“One what?” Mrs. Wells was startled.

“Trunks!” cried Walter.

“Goodness! I thought it was a fire!”

“’Ere’s ’nother!” cried Walter again. “’Ere they come. All of ’em!”

“Good work!” Richard slapped him on the back. “You’re the boy! Now let’s rustle up a stevedore and a customs gentleman and put them through.”

Mrs. Wells had given Geraldine the family purse, and she in turn had passed it over to Richard. Like a veteran tourist-guide, he paid small duties, fee’d the draymen, arranged for expressage, called taxis, bought train tickets and established his party in the rear seats of an observation car. Not until they were speeding out of the Lackawanna Station did he realize that he had not telephoned Galloway. “Well,” he thought, “he has my letter mailed on shipboard. He’ll find us, all right.”

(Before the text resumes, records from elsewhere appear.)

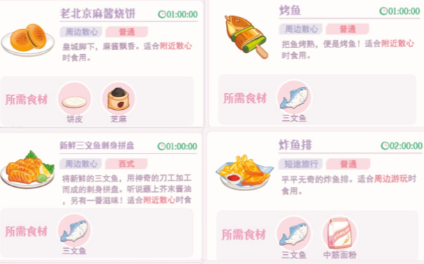 首先在游戏里可以用三文鱼制作烤鱼,这是一个非常普通的料理食材只需要耗时一个小时就可以,需要的材料也非常简单,只需要三文鱼这一种,把鱼烤熟之后就烹饪完成了,非常适合角色在散心的时候食用,另外还可以做成新鲜的三文刺身拼盘,这个食材也只需要三文鱼这一种,制作时间比较短大家,也非常适合在散心的时候食用。
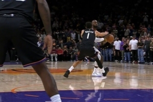 经教练挑战后回看复核,判定对布克的三分犯规吹罚无误。布克在詹姆斯做出向上投篮动作时,主动接触其右臂/手腕部位。
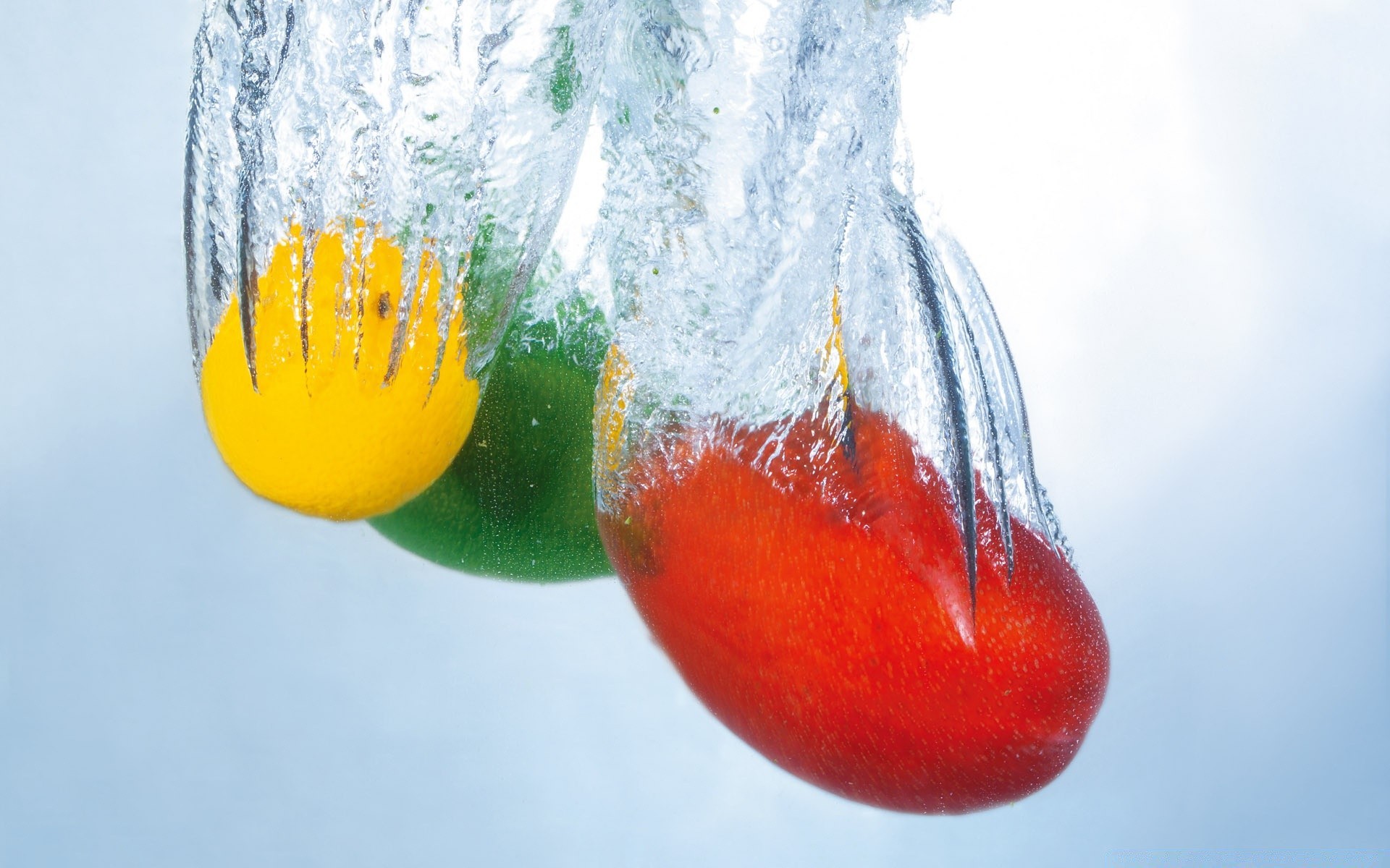 Parlak sarı, kırmızı ve yeşil meyveler suya düşer
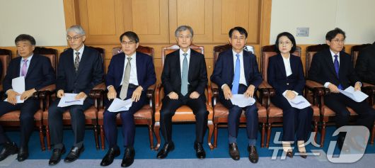 (서울=뉴스1) 장수영 기자 = 조희대 대법원장과 대법관들이 5일 오후 서울 서초구 대법원에서 열린 전국법원장회의에 참석해 자리에 앉아 있다. (공동취재) 2025.12.5/뉴스1presy@news1.krCopyright ⓒ 뉴스1. All rights reserved. 무단 전재 및 재배포, AI학습 이용 금지.
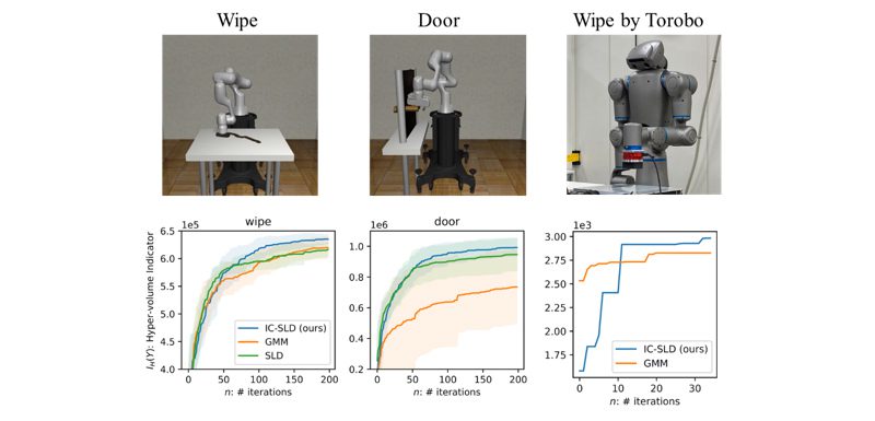 Subsequently, the impedance gain is explored through Bayesian optimization using prior knowledge. Since IC-SLD also outputs an estimated value of the impedance gain, using this as a solution candidate makes optimization more efficient. By applying Bayesian optimization π-BO [Hvarfner+, ICLR2022] that is able to make use of prior knowledge, optimal impedance gains that simultaneously optimize task performance (the cumulative sum of reward functions) and safety indices (the cumulative sum of stiffness parameters) are searched while repeating robot motion trials.
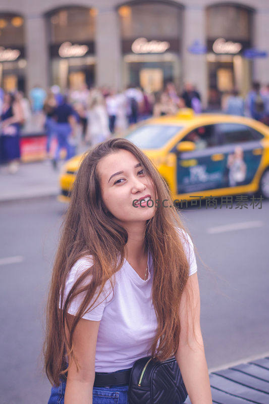 街头巷尾笑容灿烂的异国女孩
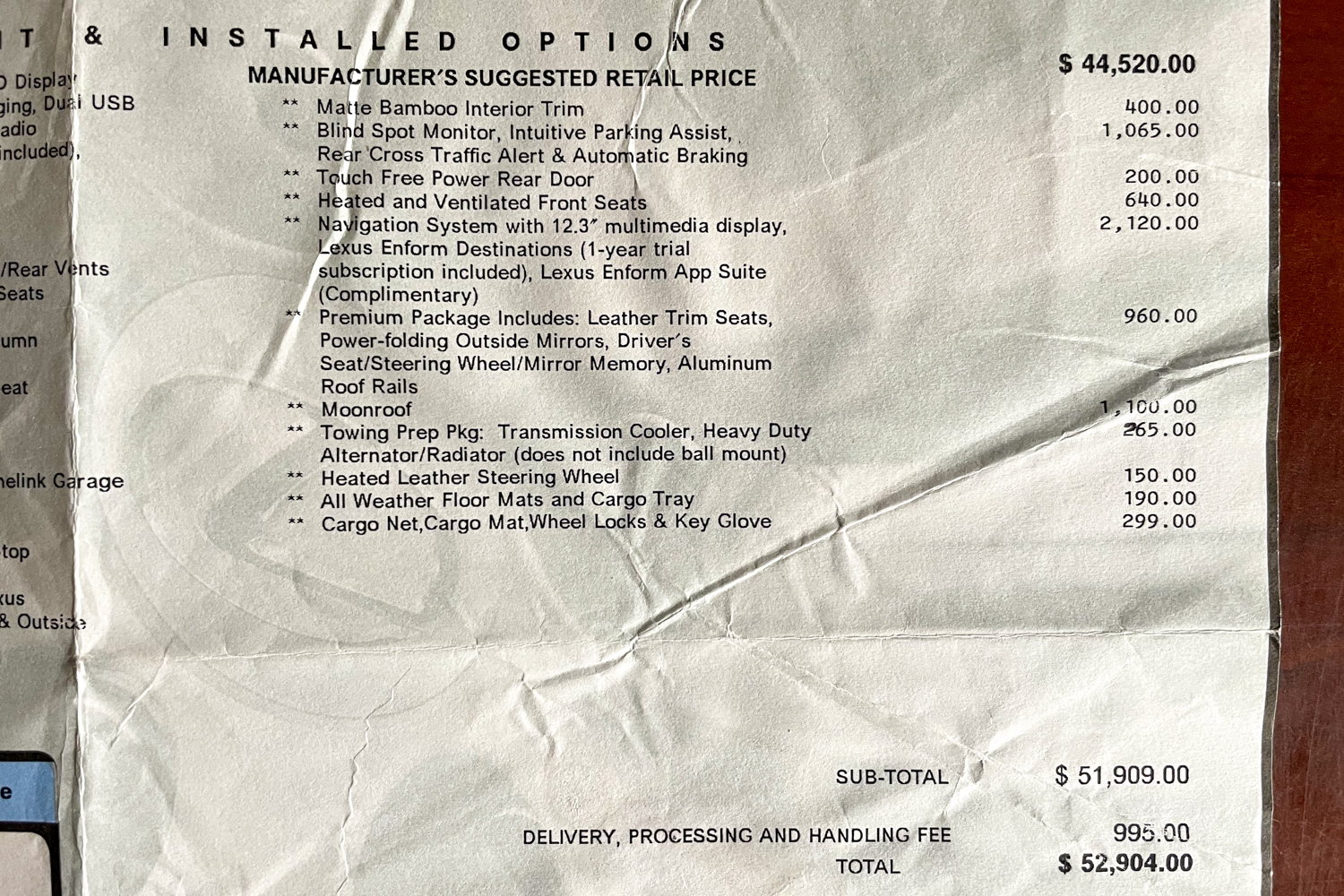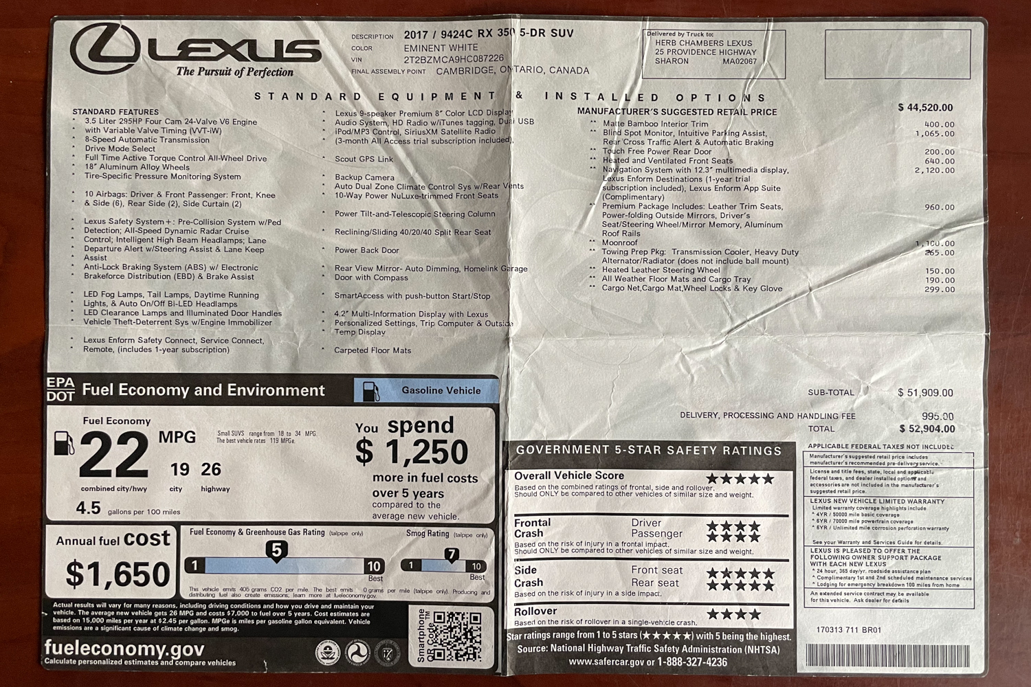 As the quintessential luxury SUV, Lexus's RX350 provides the all-weather security, safety, and comfort you need with the luxury, technology, and connectivity you deserve and this well cared for example falls right in line. Finished in a classic Eminent White over a supple Parchement Leather interior, this RX is in fantastic condition both inside and out. In addition to the fantastic standard features, this Lexus has been spec'd with an additional $7,600 in options including, PREIUM PACKAGE (Leather trim seats, power-folding outside mirrors, driver's side memory, and aluminum roof rails - $960), TOWING PREP PACKAGE (Transmission cooler, and heavy duty alternator/radiator - $265), Navigation system ($2,120), Moonroof ($1,100), Blind Spot monitor w/ Intuitive Parking Assist, Rear Cross Traffic Alert, and Automatic Braking ($1,065), Heated and Ventilated Seats ($640), Matte Bamboo Interior Trim ($400),PREIUM PACKAGE (Leather trim seats, power-folding outside mirrors, driver's side memory, and aluminum roof rails - $960), TOWING PREP PACKAGE (Transmission cooler, and heavy duty alternator/radiator - $265), Navigation system ($2,120), Moonroof ($1,100), Blind Spot monitor w/ Intuitive Parking Assist, Rear Cross Traffic Alert, and Automatic Braking ($1,065), Heated and Ventilated Seats ($640), Matte Bamboo Interior Trim ($400), Heated Leather Steering Wheel ($150), and much more, bringing the original MSRP to $52,904! Further the vehicle has been expertly maintained by the local Lexus dealership, and maintenance highlight include regular servicing along with the 40k service being completed. When it comes to Luxury SUVs, look no further than this stunning, well cared for, and extremely well equipped RX350 and call us today! (603) 627-4300 Vehicle Options: PREIUM PACKAGE (Leather trim seats, power-folding outside mirrors, driver's side memory, and aluminum roof rails - $960), TOWING PREP PACKAGE (Transmission cooler, and heavy duty alternator/radiator - $265), Navigation system ($2,120), Moonroof ($1,100), Blind Spot monitor w/ Intuitive Parking Assist, Rear Cross Traffic Alert, and Automatic Braking ($1,065), Heated and Ventilated Seats ($640), Matte Bamboo Interior Trim ($400), Cargo Net, Cargo Mat, Wheel Locks, and Key Glove ($299), Touch Free Power Rear Door ($200), All Weather Mats ($190), Heated Leather Steering Wheel ($150) -- MSRP $52,904 -- If you are interested in purchasing this vehicle, send an email to sales@paulscarcare.com, call 603-627-4300, or fill out our vehicle interest form.
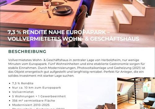 Dieses gepflegte Wohn- und Geschäftshaus befindet sich in zentraler Lage von Herbolzheim und stellt eine äußerst attraktive Kapitalanlage im nördlichen Breisgau dar. Die Immobilie umfasst fünf vermietete Wohneinheiten ...
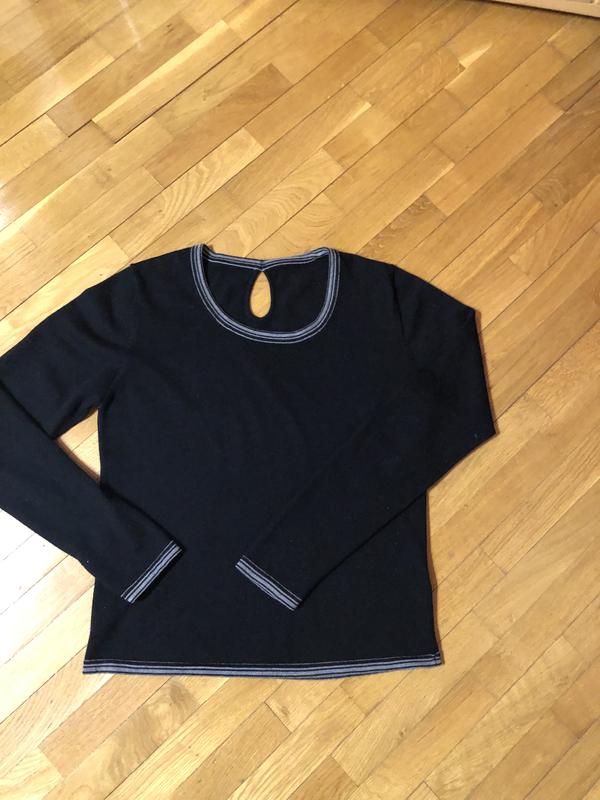 Кофточка, черного цвета, со светлой окантовкой, ширина под руками-46 см, длина рукава- 62 см, длина кофты- 56 см, тонкая шерсть
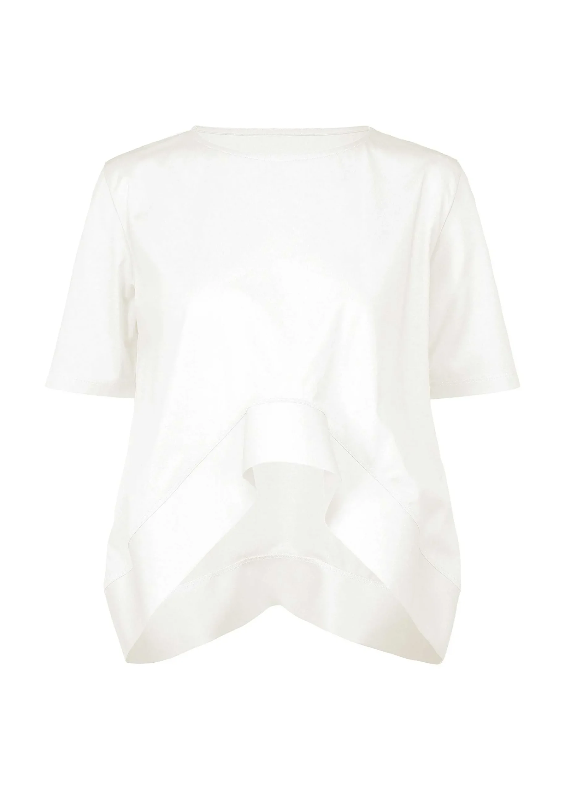 A Short-Sleeved Jersey Top Featuring An Organically Wavy Hem Design. Special Processing Is Applied To Prevent Fuzzing Of The Yarn, Resulting In A Smooth, Cool Texture And Moderate Firmness. Enjoy The Luster And Texture That You Would Never Believe Is Made From 100% Cotton.

Then a ridiculous thought seized him. He took a seat beside Geraldine and pulled from his pocket a thin wallet, the one he had shown her on that first day at Naples; from it he produced a solitary five-dollar bill.

“Look!” he waved it.

She did not comprehend until he had brought the family purse from another pocket and dangled the two before her.

“I’ve bought my ticket out of your money!” he cried. “Now wasn’t that clever of me! I still have my five dollars to windward and good free meals ahead! Oh, it’s a wonderful thing to have faith. The Lord will provide.”